By: Elizabeth Harness
Updated: October 8, 2007

brooksinwebster2007-10-05-1191626484.jpgCounty Executive Maggie Brooks defended her budget fix plan called FAIR on Friday. Brooks held a press event in front of State Road Elementary School in Webster to make her case saying suburban schools are "addicted" to taxes and she offered the districts help in budgeting.


“We don't have it at the County level don't get state aid, we don't have an opportunity to create slush fund because we are doing more with less, we are reducing our budget each and every year, so I'm saying to school districts, if you're using every penny you've got, then maybe its time to go out and start increasing your revenue, but you're not even using what we're giving you, so how can you complain about a 2%  impact on your budget,” says Brooks.
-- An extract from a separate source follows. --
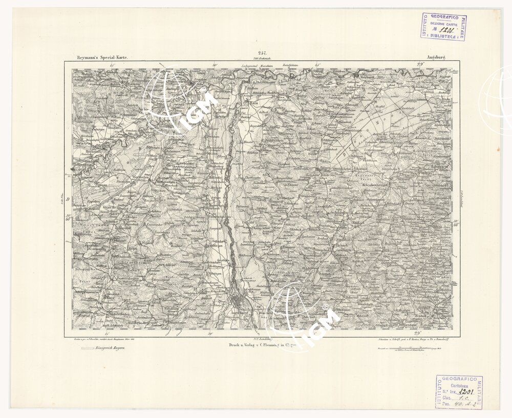 REYMANN'S TOPOGRAPHISCHER SPECIAL KARTE VON MITTEL EUROPA – AUGSBURG F 257

Brooks offered the County's own budgeting team up to the suburban school districts to help them determine how to better cut costs. Under the "FAIR" plan, suburban schools would lose $29.3 million dollars to the county, helping make up for rising Medicaid costs. The suburban districts voted unanimously Wednesday to sue the County over the “FAIR” plan.
 

“We would be happy to set up a meeting of business officials with her people and help them understand how we go about our process of setting up budgets, saving money, we think it would be very educational for them, because we really think they don't understand,” says Jody Siegle, executive director of the Monroe County School Boards Association. Siegle says the districts do not have a “slush” fund, rather a reserve fund to handle emergencies such as rising fuel costs.

Parents at Friday’s press event were not entirely sold on the “FAIR” plan.
 

“We're parents and we're taxpayers,” says Tammy Gurowski, a parent in Webster.
 

“The whole thing I think had a negative tone,” says Will Weidman, a parent and business owner in Webster.
 

The County Executive took questions from some residents and defended her plan, saying the suburban schools needed to better budget rather than sue; she criticized what she calls high salaries garnered by school administrators.
 

“When you're threatening taxpayers and saying you're going to lose sales tax funding, you're going to raise property taxes when you aren't using all the money that you are getting, I don't think that's responsible.”

Despite the answers, parents in attendance still were not entirely sold on the FAIR plan, citing concerns over the way it was passed in the County Legislature more than a week ago.

“I'm almost more mad at the process than the result,” says Weidman.  

“The entire process where this legislation was passed in 90 minutes was certainly not democratic so we don't support the process, we don't support the increase, we don't support that money being taken from the schools who have waited a long time,” says Gurowski.
 

The location of Friday’s event also caused a stir; Brooks chose State Road Elementary School in Webster, where its principal, Carmen Gumina is a democratic candidate for county legislature against republican David Malta.
 

“I’ve got to say, it was an aggressive press conference and um, I kind of feel like there's a little political posturing going on with the location of the event so that disappoints me a little, I'm a big fan of bipartisanship,” says Linda Weidman, a parent of two children in the Webster school district.